Explore

Feedback archiveFeedback 20012009

The Bible vs slavery and apartheid

6 March 2001; Reposted 11 April 2009

From Mr Robert Howard of New Zealand, who gave permission for his full name to be used. By his own admission in other correspondence, he is an atheist lacking any scientific qualifications (and seems quite proud of this), in common with many vocal skeptics in Australia. This letter continues his practice of criticising CMI without first bothering to find out what we actually say, because many of his objections, including in this letter, have long ago been answered. His letter is printed first in its entirety. A response by Dr Jonathan Sarfati, also (formerly) of New Zealand but now of Creation Ministries International, Australia, immediately follows his letter with point-by-point responses interspersed as per normal email fashion.

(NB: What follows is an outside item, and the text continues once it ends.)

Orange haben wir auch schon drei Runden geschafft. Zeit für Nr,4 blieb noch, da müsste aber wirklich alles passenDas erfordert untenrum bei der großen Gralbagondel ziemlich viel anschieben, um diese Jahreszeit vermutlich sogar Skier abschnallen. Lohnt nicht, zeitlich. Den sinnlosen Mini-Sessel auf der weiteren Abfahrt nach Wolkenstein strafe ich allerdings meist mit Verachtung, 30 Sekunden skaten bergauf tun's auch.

Ellipses (…) at the end of one of Bob Howard’s paragraphs signal that a mid-sentence comment follows, not an omission.


‘Most of what you write I treat with amusement but your article suggesting evolution led to racism is outrageous. Did you know the Dutch Reformed Church, one of your Christian churches in South Africa upheld apartheid?

‘In spite of all the Christian churches in the American South I don’t recall reading of any outcry against slavery before the civil war. Where were the Churches and God fearing Christians during segregation in the South in the earlier part of the last century.

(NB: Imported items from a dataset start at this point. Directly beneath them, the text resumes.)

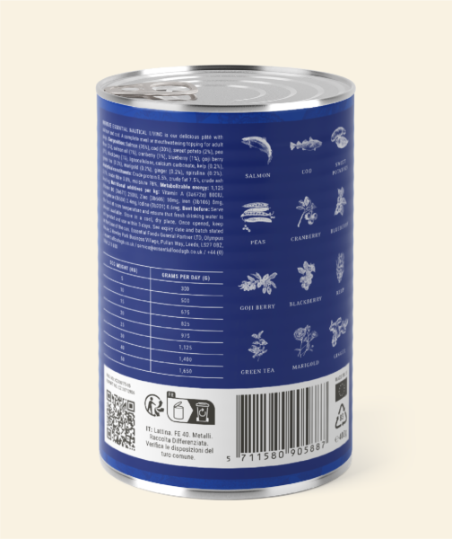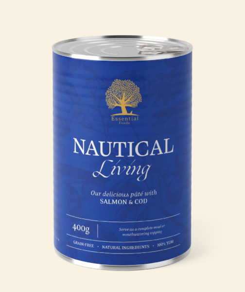 ESSENTIAL NAUTICAL LIVING is our delicious pâté with salmon and cod. A complete meal or mouthwatering topping for adult dogs.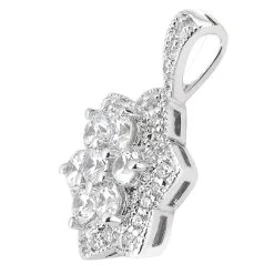 14K White Gold Round Diamond Cluster Pendant For Women 0.5ct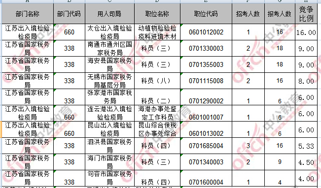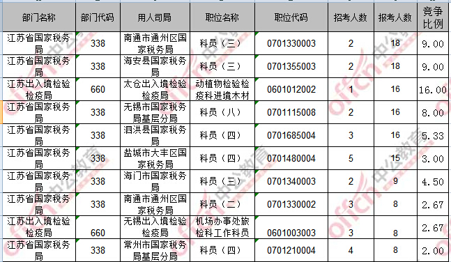 報名通過審核人數(shù)前十的職位主要集中在江蘇省國家稅務(wù)局、江蘇出入境檢驗檢疫局部門,具體信息如下: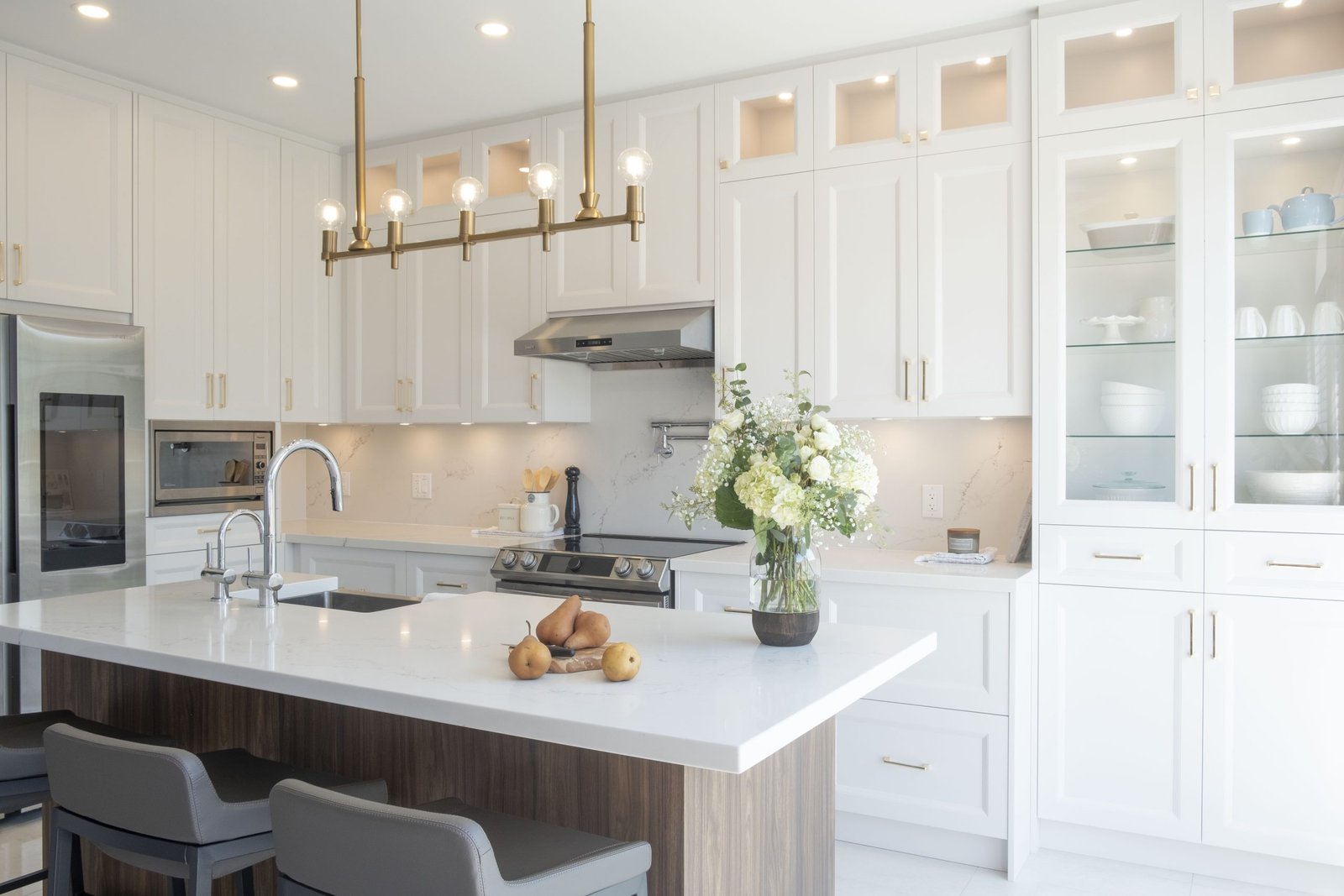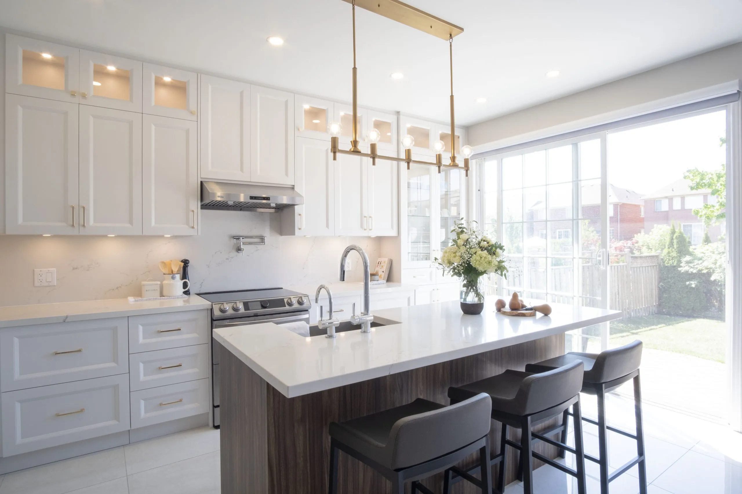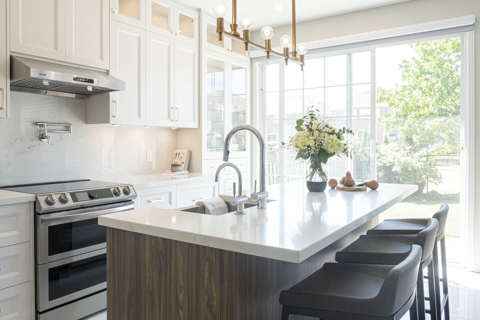 In 2022, our team at Studiokimi Interior Design & Build completed a design & build project in Erin Mills, Mississauga. This kitchen and living room renovation, tailored to the needs of young professionals, had a cost of between $70,000 and $100,000. Our clients spend a significant amount of time in the kitchen and our focus was to design a space that was both functional and beautiful. Budgeting and planning were key to the success of this project and we worked with our clients to source high-quality materials that fit within their budget. The pandemic presented challenges such as material and labor shortages and supply chain issues, but we were able to overcome these challenges by carefully sourcing stocked and local materials and wisely scheduling construction trades. The renovation included a kitchen with a simple yet elegant design, featuring a natural color palette and a wood-textured island as an accent. We also assisted with the selection of materials, colors, furniture, and lighting, and the installation of motorized window coverings. Every detail of this renovation has been carefully planned and expertly executed, resulting in a space that our clients will enjoy for years to come.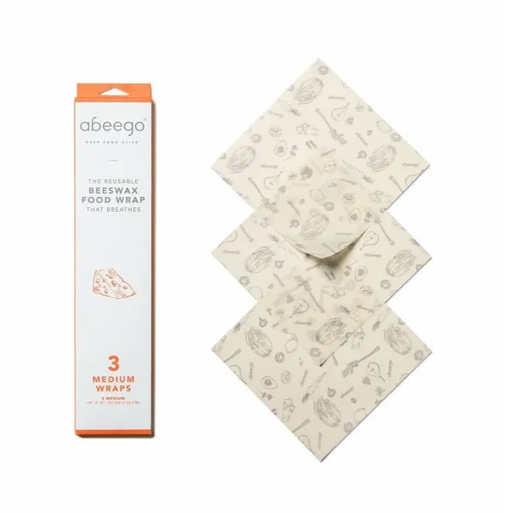※本国でのブランド終了に伴い、在庫限り販売終了となります。 ※こちらの商品はパッケージに箱潰れ等のダメージが見受けられ、また旧デザインのため、お買い求めいただきやすい価格でご案内しております。商品自体は現行品と変わりません。 【ミディアム 3枚セット】 使いかけのお野菜や、庭で摘んだハーブの保存にオススメのミディアムサイズ3枚セット。 食べかけのチーズの保存にも最適です。 袋状に成型して使用することもできます。 \\ ナチュラルでサステイナブルなabeegoのビーズワックスラップを使用して、              健康的で地球にも優しい食生活を送りませんか? // 【100%天然素材のみで作られた新しいかたちの食品保存用のラップ】 ”生きている食べ物の摂取=リビングフード※“が注目される中、 その保存方法を巡り、ラップされた食材に呼吸をさせることができ、 また健康的で地球に優しい保存方法が無いかと考え出されました! ※野菜や果物等の生きている酵素や栄養素を積極的に取り入れる、世界で注目されている食事法 生地を使うことで、一般的な使い捨てのラップフィルムにはない、程よい通気性を保ち、 ミツロウやホホバオイルの天然の保湿性と抗菌性により、包んだ食品の鮮度を長持ちさせます。 その結果、食品に含まれる栄養素だけでなく、 その栄養素を身体に吸収し消化・代謝を促すために不可欠な酵素の持ちも、各段に良くなるのです。 使い方もいたって、シンプル。 冷水で手洗い後、乾かしていただくだけ! 身近なところから、「シングルユース=使い捨て」を減らしていきませんか? ――――――――――――――――― こんな方にオススメ! ☑環境問題に関心の高い方 →このビーズワックスラップを使用し、食品の持ちが良くなる事で、フードロス削減にも一役買います。冷水での手洗いで、約1年ほど繰り返し使用可能です。また最後は、土に還し堆肥にすることも出来ます。 ☑エコやサステナブルな生活をこれから始めたい方 →abeegoのビーズワックスラップを使用することで、ラップフィルムゴミを減らすことが出来ます。お手入れや保管も容易なので、毎日の生活にすぐに取り入れられます◎ ☑健康に配慮されている方 →包んだ食品の鮮度を長持ちさせ、食品に含まれる栄養素と酵素の持ちが格段に良くなります。 ☑大切な方へのプレゼントに ―――――――――――――――――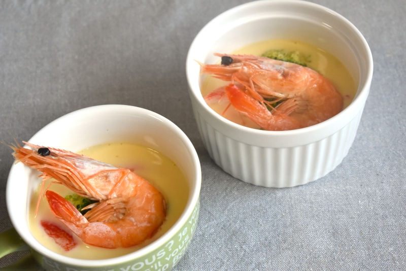 出汁の代わりにコンソメを加えた卵液にブロッコリー、カニかまぼことともにスモーク天使の海老(冷燻製)を加えて蒸し上げました。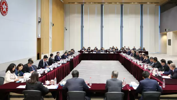 夏寶龍早上到政府總部與工商界會面,多名本港商會領袖及企業領導層出席。(港澳辦提供)

‘The truth is your Christian churches upheld a lot of racism.

‘In the 19th century it was thought evolution meant humans ranged from the Englishman at the top of the tree to the black African at the bottom but that was at a time of still a lot of scientific ignorance. During the last century scientific testing of people showed there was no difference between any humans mentally and only minor physical differences.

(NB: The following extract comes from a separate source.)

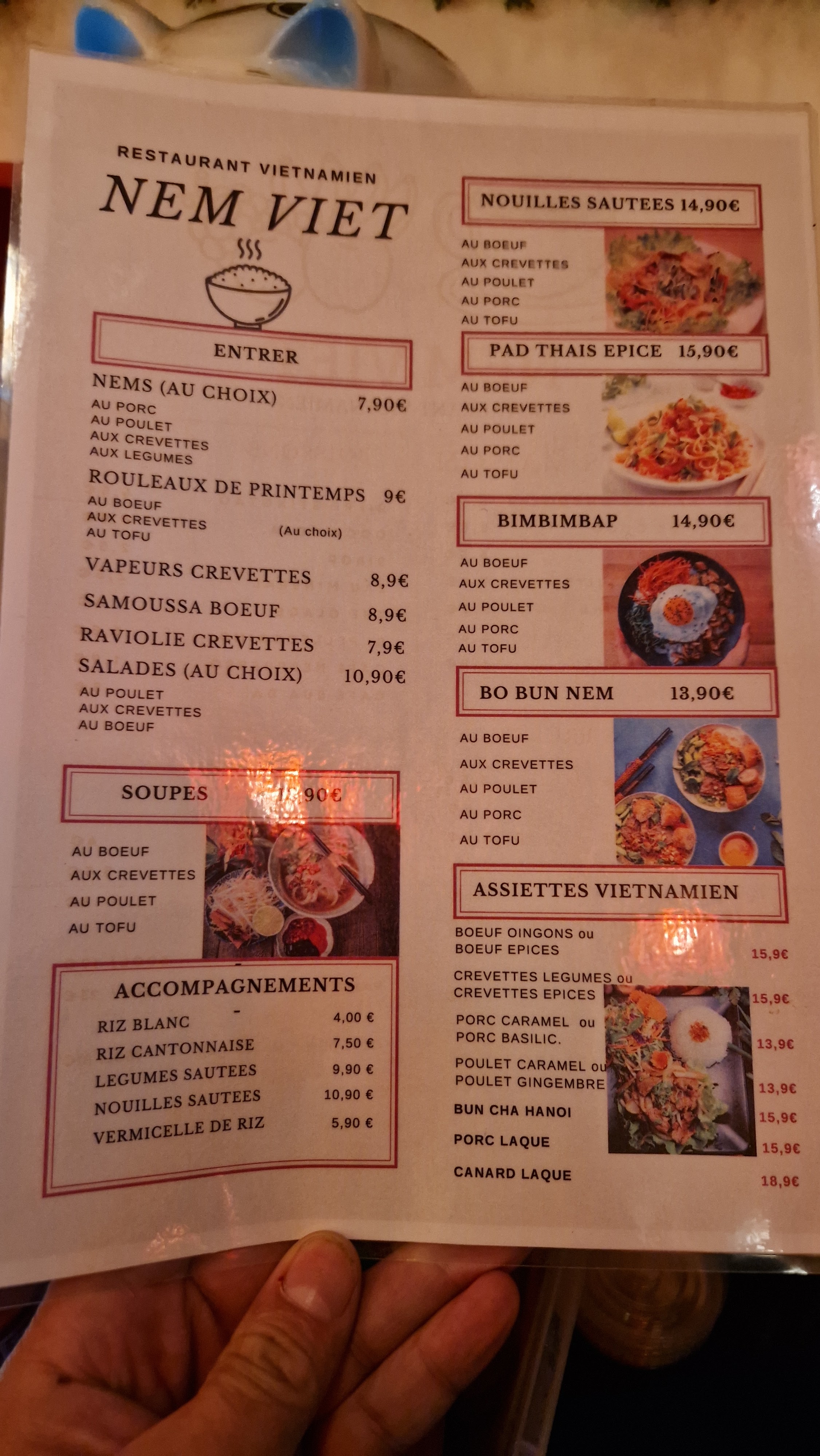 Nem crevette / soupe pho bœuf sont très bons! Un vrai restaurant vietnamien!

‘You might have read in the last few days that studies of DNA have shown even less difference. There might be more difference between two people of the same race than between two people of different races.

‘Science has done more to kill racism than anything.

‘Plimer was right when he said you were prepared to lie to uphold your philosophy.

‘Bob Howard’


Most of what you write I treat with amusement …

It’s doubtful that Mr Howard is in a position to know, because it’s obvious from this and other correspondence that he has’t read most of what we write.

… but your article suggesting evolution led to racism is outrageous.
It’s a historical fact, as we have amply shown in Q&A: Racism. The leading evolutionist, Stephen Jay Gould (an atheist and Marxist as well as an anti-racist), wrote (Ontogeny and Phylogeny, Belknap–Harvard Press, Cambridge, MA, USA, pp. 127–128, 1977):

‘Biological arguments for racism may have been common before 1859, but they increased by orders of magnitude following the acceptance of evolutionary theory.’

Did you know the Dutch Reformed Church, one of your Christian churches in South Africa upheld apartheid?

Yes we know that (and we also know that the South African Anglican Church always denounced apartheid as a heresy). However, the DRC’s seminaries had accepted theistic evolution, effectively denying the authority of Scripture. Also, they developed a theology of separate development of different ‘races’ by misapplying Scriptural passages about the separation of the Israelite theocracy from the surrounding pagan nations. Of course, this was based on religion rather than ‘race’, and as shown in One Blood—the Biblical answer to racism, individuals from different ‘races’ (or preferably, people groups) could marry Israelites if they converted to faith in the true God of Israel. The Biblical rules of separation applied only to the coming of Israel’s Messiah through whom all nations would be blessed (Genesis 12:3). Since His death and Resurrection, the wall of separation between Jew and Gentile has been broken down (Ephesians 2:14). Now both Jews and Gentiles can become one in Christ Jesus (Galatians 3:28, Col. 3:11). See the discussion in Separation from the nations and Breaking down barriers.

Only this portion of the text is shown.